The invention provides a heat-proof sleeve and a preparation method thereof, wherein the heat-proof sleeve is made of three layers of materials, wherein the flexible layer can enable the heat-proof sleeve to have certain flexibility, so that a spray pipe is protected from swinging; the mechanical enhancement layer can improve the strength of the heat-proof sleeve so as to meet the requirement that the heat-proof sleeve bears violent swing during working; the silicon rubber in the ablation-resistant layer is subjected to polymer cracking under the action of high temperature, and simultaneously, the cracked product reacts with ceramic particles to form a ceramic phase with a three-dimensional net structure, so that a continuous fiber and ceramic two-phase reinforced resin-based composite material is finally formed, the size ablation amount of the composite material is reduced, and the ablation-resistant layer has good ablation resistance. The heat-proof sleeve provided by the invention has the advantages that the temperature of the flexible layer side is 64-70 ℃, the ablation resistance is good, the fracture elongation is 358-413%, and the flexibility is good.
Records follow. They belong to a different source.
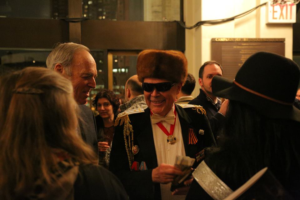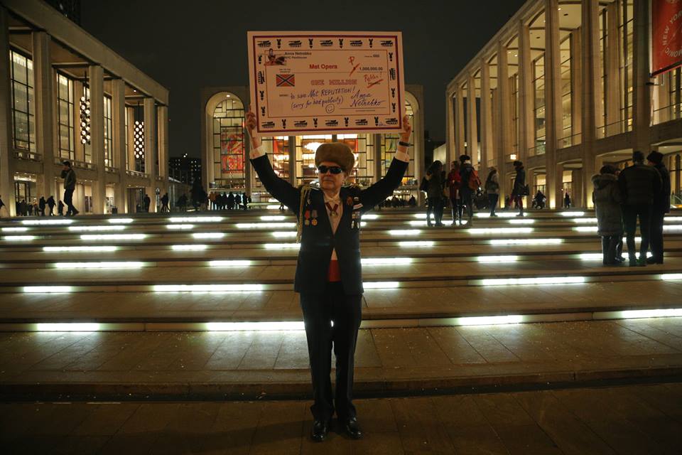 On January 29, 2015 the group “Arts Against Aggression” created an event featuring two New York activists, Liudmila Joy-Vasuta and Adrian Bryttan. As Met Opera audience members, they dressed up in costume to parody soprano Anna Netrebko and the terrorist Oleg Tsarov (the Donetsk "leader" widely seen in photographs accepting one million rubles from Netrebko, while both held the "Novorossiya" flag for public consumption).
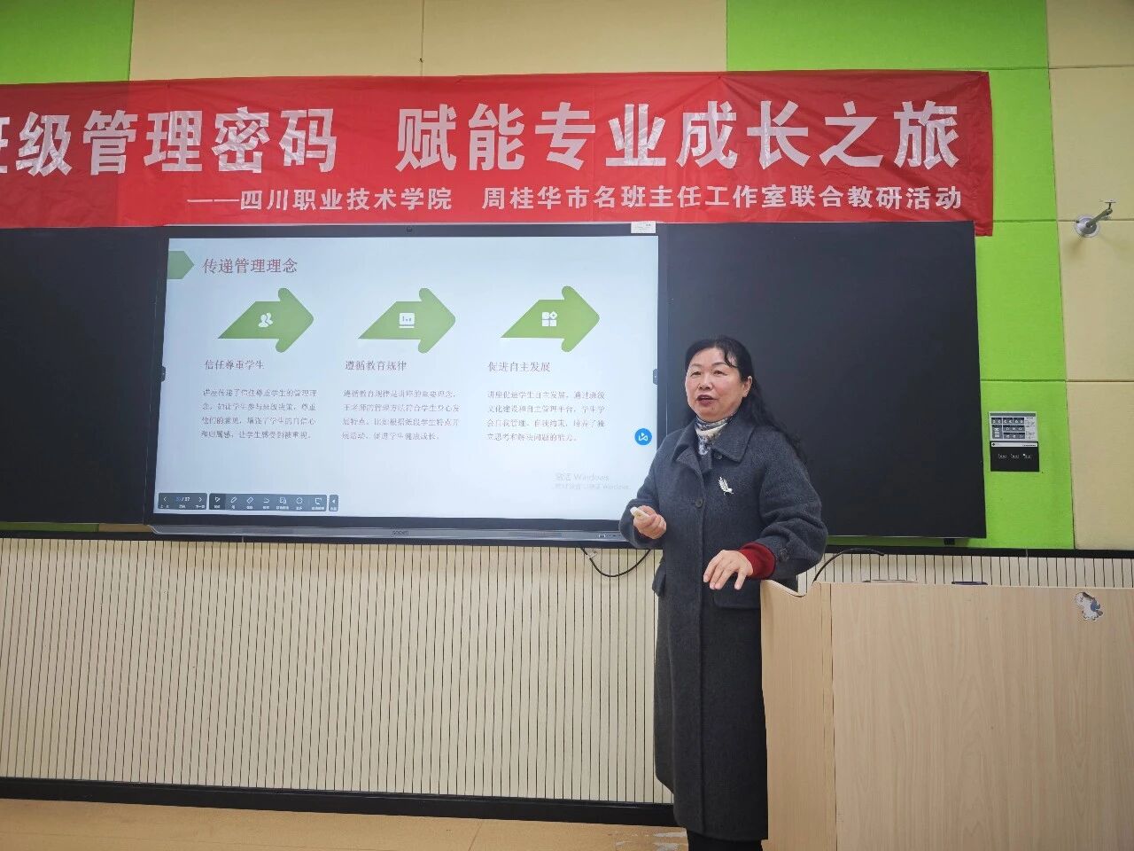 为深化基础教育与高等教育的衔接,扎实提升师范类学生班主任班级管理能力。遂宁市高升实小周桂华名师工作室于12月12日走进四川职业技术学院,开展“解锁班级管理密码,赋能专业成长之旅”主题交流活动。本次活动由教师教育学院主办,吸引了该校近百余名师范专业师生参与,现场反响热烈。
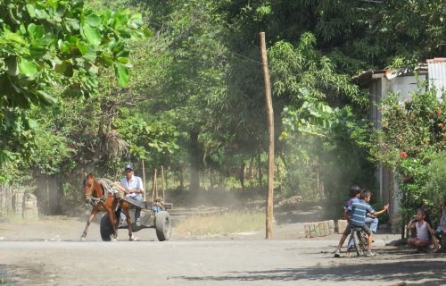 I reached León Viejo by public transport from León. That's a fun thing to do if you have time. You can get there by local buses, with a change in the town of La Paz Centro. The bus driver will know where "Las Ruinas" are, you have to walk 200m from the final stop in the town of Puerto Momotombo. The site is also signposted all over town, it's impossible to miss. I had to wait almost an hour for the return bus, and spent that sitting in the main street watching rural Nicaraguan life go by. Horsecarts are still a common mode of transport here. I also noticed a few wandering salesmen, going from door to door selling plastic stuff or fruits.

Finally, it should also be noted that the terms "comprises," "comprising," or any other variation thereof, are intended to cover a non-exclusive inclusion, such that a process, method, article, or apparatus that comprises a list of elements does not include only those elements but may include other elements not expressly listed or inherent to such process, method, article, or apparatus.

While preferred embodiments of the present invention have been described, additional variations and modifications in those embodiments may occur to those skilled in the art once they learn of the basic inventive concepts. Therefore, it is intended that the appended claims be interpreted as including preferred embodiments and all such alterations and modifications as fall within the scope of the invention.

It will be apparent to those skilled in the art that various changes and modifications may be made in the present invention without departing from the spirit and scope of the invention. Thus, if such modifications and variations of the present invention fall within the scope of the claims of the present invention and their equivalents, the present invention is also intended to include such modifications and variations.